The thing bothering me the most about this "suppression" is the case of string formatting with the likes of '%s', that are meaningful tokens. I'm currently not dealing with this and haven't completely thought it through, but if any of you have suggestions about how to deal with this that would be great. Please note I'm not interested in the specific type or formatting of the in-string tokens, it's enough for me to know that there are tokens inside the string (how many). Remark that may be important here: my tokenizer is not nested, because my goal is quite simple (I'm not compiling anything...).
I'm not quite sure about the escaping of the start-string character. What would you say are the common ways this is implemented in most programming languages? Is the assumption of double-occurrence (e.g. "") or any set of two characters (e.g. '\"') to escape enough? Do I need to treat other cases (think of languages like Java, C/C++, PHP, C#)?
Option 1: To sanitize Python source code, try the built-in tokenize module. It can correctly find strings and other tokens in any Python source file.
Option 3: Use pygments with HTML output, and replace anything in blue (etc.) with "string". pygments supports a few dozen languages.
Option 2: For most of the languages, you can build a custom regexp substitution. For example, the following sanitizes Python source code (but it doesn't work if the source file contains """ or '''):
import re
sanitized = re.sub(r'(#.*)|\'(?:[^\'\\]+|\\.)*\'|"(?:[^"\\]+|\\.)*"',
lambda match: match.group(1) or '"string"', source_code)

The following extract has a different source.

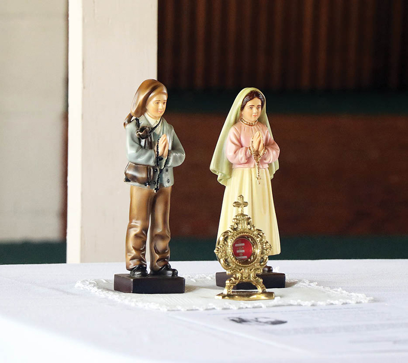 St. John Vianney religious education student Adrian Barney and his mother Katherine look at a relic and statues of Sts. Francisco and Jacinta Marto, two of the three children who saw Mary’s appearances at Fatima in the early 1900s. (HCH photo | Anna Weaver)

The regexp above works properly even if the strings contain backslashes (\", \\, \n, \\, \\", \\\" etc. all work fine).
When you are building your regexp, make sure to match comments (so your regexp substitution won't touch strings inside comments) and regular expression literals (e.g. in Perl, Ruby and JavaScript), and pay attention you match backslashes and newlines properly (e.g. in Perl and Ruby a string can contain a newline).
Use a dedicated parser for each language — especially since people have already done that work for you. Most of the languages you mentioned have a grammar.
Nowhere do you mention that you take an approach using a lexer and parser. If in fact you do not, have a look at e.g. the tokenize module (which is probably what you want), or the 3rd party module PLY (Python Lex-Yacc). Your problem needs a systematic approach, and these tools (and others) provide it.
(Note that once you have tokenized the code, you can apply another specialized tokenizer to the contents of the strings to detect special formatting directives such as %s. In this case a regular expression may do the job, though.)